Dubai residents rely on the second category. A mix of both, is what you need.

Saved by AI: When travel plans fail

Dubai-based Tazeen Jafri a Dubai-based public relations consultant and her family was in a fix. They had planned a trip to Sri Lanka, and unfortunately, their electronic authorisation didn’t come through. It was a disappointment: Everything had been set, down to hotel bookings. Now, what?

That’s where Chat GPT was useful. “We checked the next best place to go, and it was Maldives,” she recalls. “Then we asked to find resorts and islands closer to the airport as we couldn’t do the sea plane thing with two kids and also have full board options with private villas on the beach, but it also had to be economical,” adds Jafri. And so, Chat GPT recommended Sai Lagoon, Maldives, which was the most feasible one for her family. It suggested list of resorts in the order of closest to airport, and feasibility with villas on the beach with private pools. So, they found a private villa with a pool, after contacting the properties.

It’s not the first time that Chat GPT has been helpful. As Jafri explains, “My husband and I tend to up and leave spontaneously for trips, since we got married and yes now too with two kids, so I’ve also asked for places with visa free entry and visa on arrival for Pakistanis and UAE residents,” she says.

Mix and match: Combining AI with classic methods

Similarly, Anna Ivanova-Galitsina and her partner, enjoyed Italy with the help of Copilot, another AI platform. “We wanted to see Tuscany and Umbria. We knew we wanted to see history and architecture and places that are not too big.
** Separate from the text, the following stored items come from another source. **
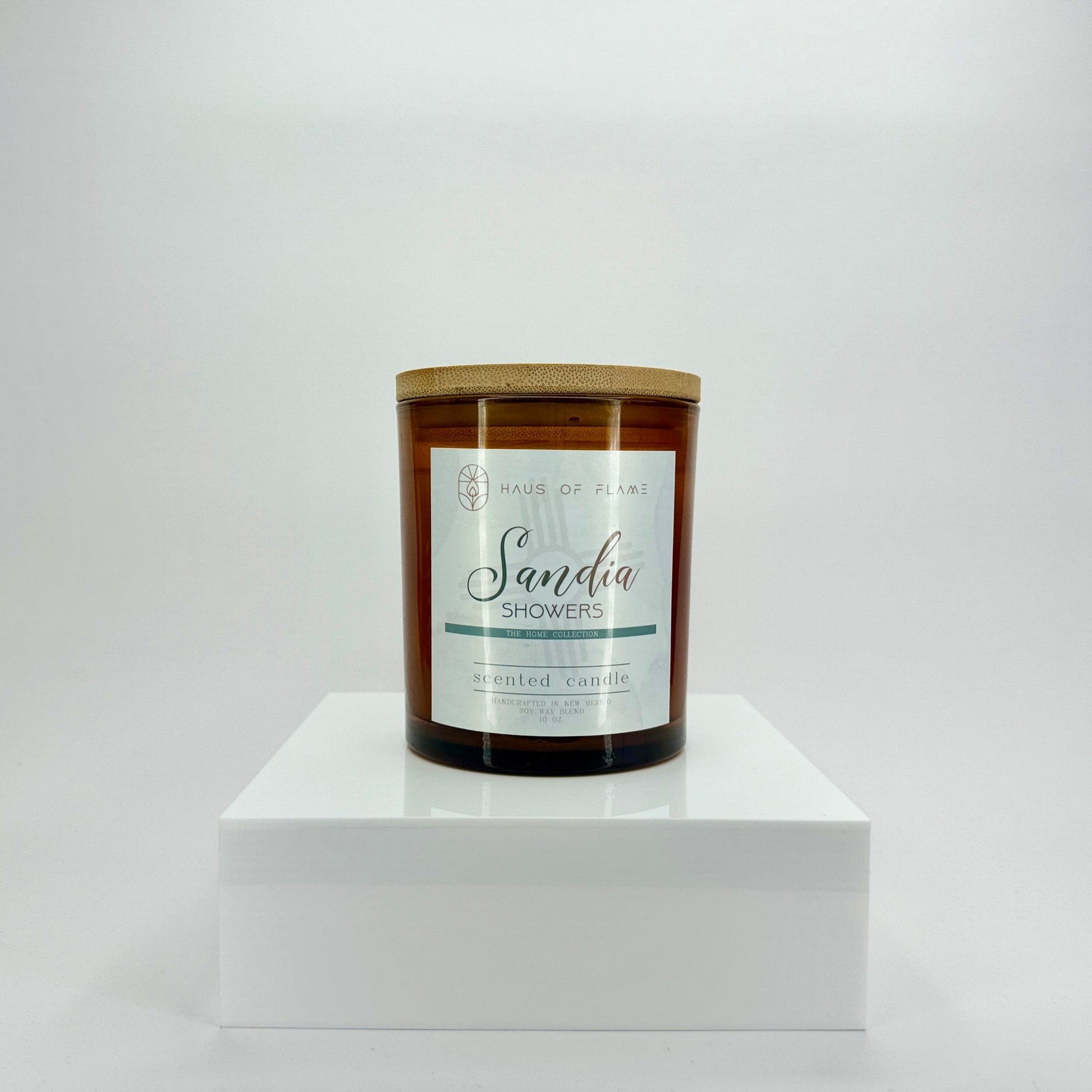 Revel in the refreshing essence of rain cascading down the Sandia Mountains with the Sandia Showers candle from Haus of Flame Candle Co. This elegant scent layers fresh rain and mossy wood with delicate lavender and rose, evoking the renewal of nature after a mountain storm.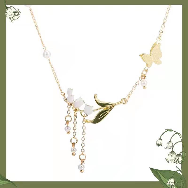 Color: red, purple, green, pink fancy, Bells of Ireland, Pansy style, orange, green leaves, leaf necklace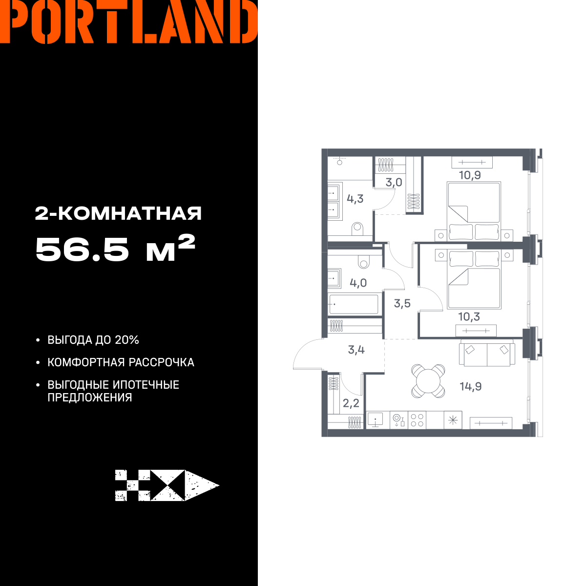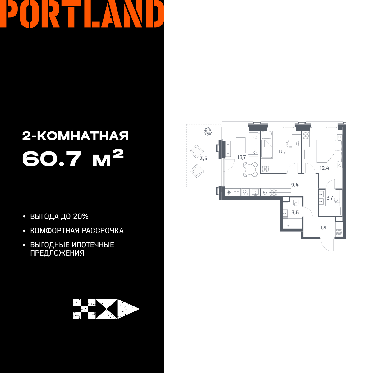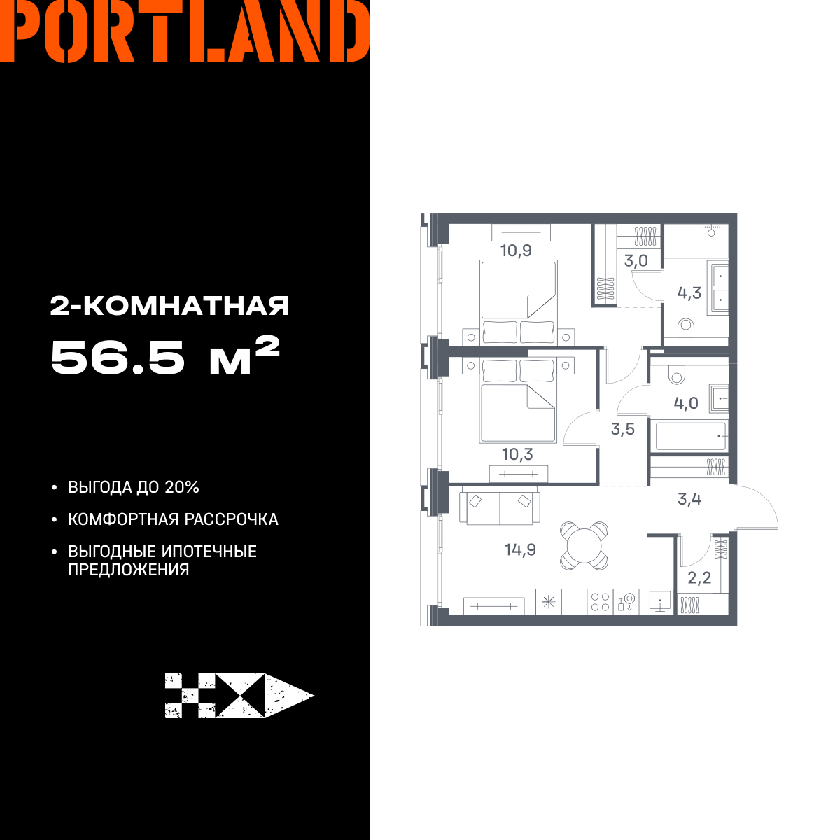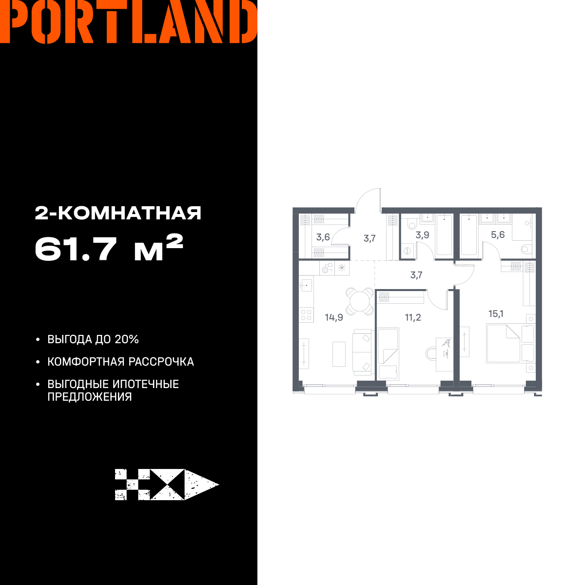 Двухкомнатные квартиры в ЖК Portland (Портленд)

So this is what we asked: Suggest four day road trip with places to see and four days back via the coast. Copilot gave more than we could visit, so we filtered some places out.,” she recalls.
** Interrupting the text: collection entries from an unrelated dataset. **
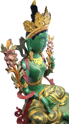 Sắc xanh của Ngài nêu biểu cho sự thành công của sự xả bình đẳng trong thế giới trần tục, cũng như trong sự phát triển thế giới tâm linh cho chúng ta cảm giác vui vẻ, hy vọng và lạc quan. Những tâm nguyện của Đức Tara có thể dễ dàng nở hoa kết trái và hạnh nguyện của Ngài nhanh chóng cảm ứng tới chúng sinh không thể nghĩ bàn. Vì lý do này, bằng sự quán tưởng và cầu nguyện Đức Tara, chúng ta có năng lực để tạo ra nhân của hạnh phúc và sự thông tuệ trong sự thực hành pháp trên con đường tự lợi, lợi tha.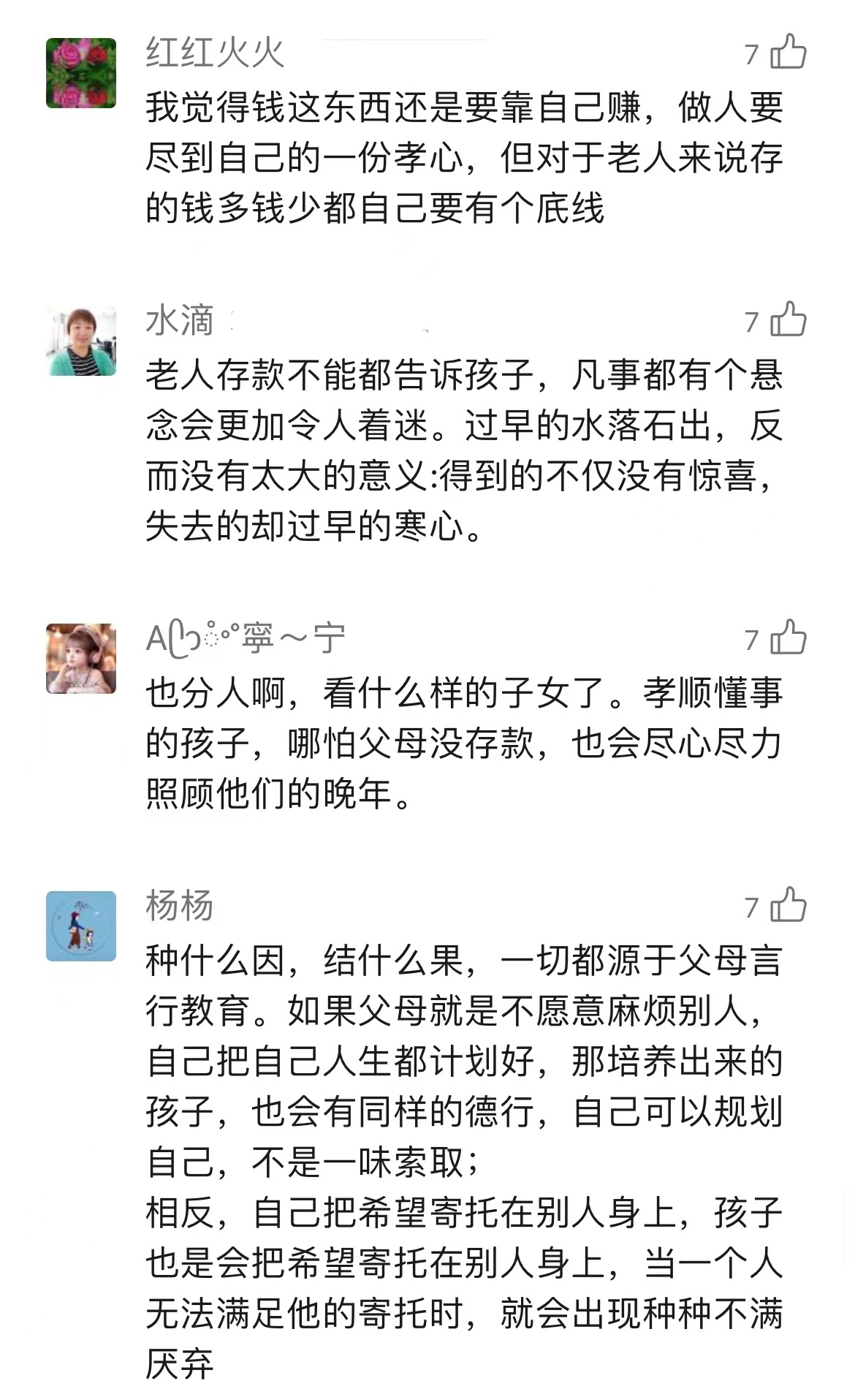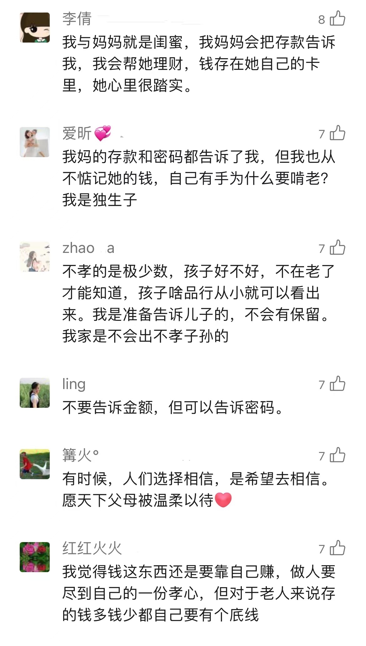 由此,“老年人要不要把存款告诉子女”的话题引发众人讨论。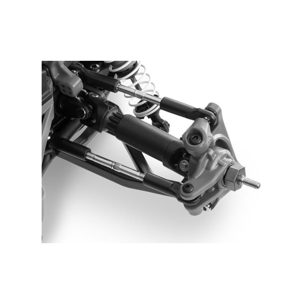 A hosszú karút elnyeli az éles ütéseket is, és javítja a modell kezelhetőségét. Minden helyzetben precíz és gyors kormányreakciót biztosít. A végtelen szórakozás érdekében állítható olajos lengéscsillapítók vannak a futóművön.

Galitsina also asked Copilot for reasons to visit each destination and looked up nearby attractions herself. “We requested that no drive be longer than three hours from town to town,” she explains. “We still used Booking.com to find hotels. Some of the suggested towns were places we’d never heard of and might have otherwise skipped—like San Gimignano, which turned out to be beautiful.”

As Ivanova-Galitsina wryly admits, “You can make bad choices without AI too. One seaside town ended up being more of an industrial port than we expected. But the fish restaurant Copilot recommended there was amazing.”

In the end, they used a mix of sources. “We combined Copilot’s suggestions with Googling, reading a physical guidebook, Google Maps, and Booking.com,” she says. “We try to use multiple sources of information when we travel.”

The golden rule: Cross-check everything

The key line: Using multiple sources of information, when you travel. Jafri calls and checks, while Ivanova-Galitsina ensured that she had several sources of information to rely on, before heading out.

Anika Berger, a Dubai-based resident, who also planned a getaway to Italy says: Chat GPT is helpful, but it needs the right prompts. So I feel more time efficient for an initial start search and then when you have more of an idea of what you like the sound of you can dive deeper with your own research,” she says.

Cautionary tales: When AI gets it wrong

However, Abu Dhabi-based Raahat Singh, is dubious about AI, after she tried to ask for recommendations for a stay in Portree, a town in Scotland. “It invented a lot of things and started suggesting restaurants that didn’t exist. So, no, I prefer to do my search and research the traditional way: Googling and talking to people.”

Singh doesn’t deny that Chat GPT or other AI tools might have their benefits in planning, but feels it is rather worrying to depend entirely on AI. “We just want quick answers and no doubt, AI hands that to us in a structured platter. But it can be so wrong, so you need to double check constantly,” she says.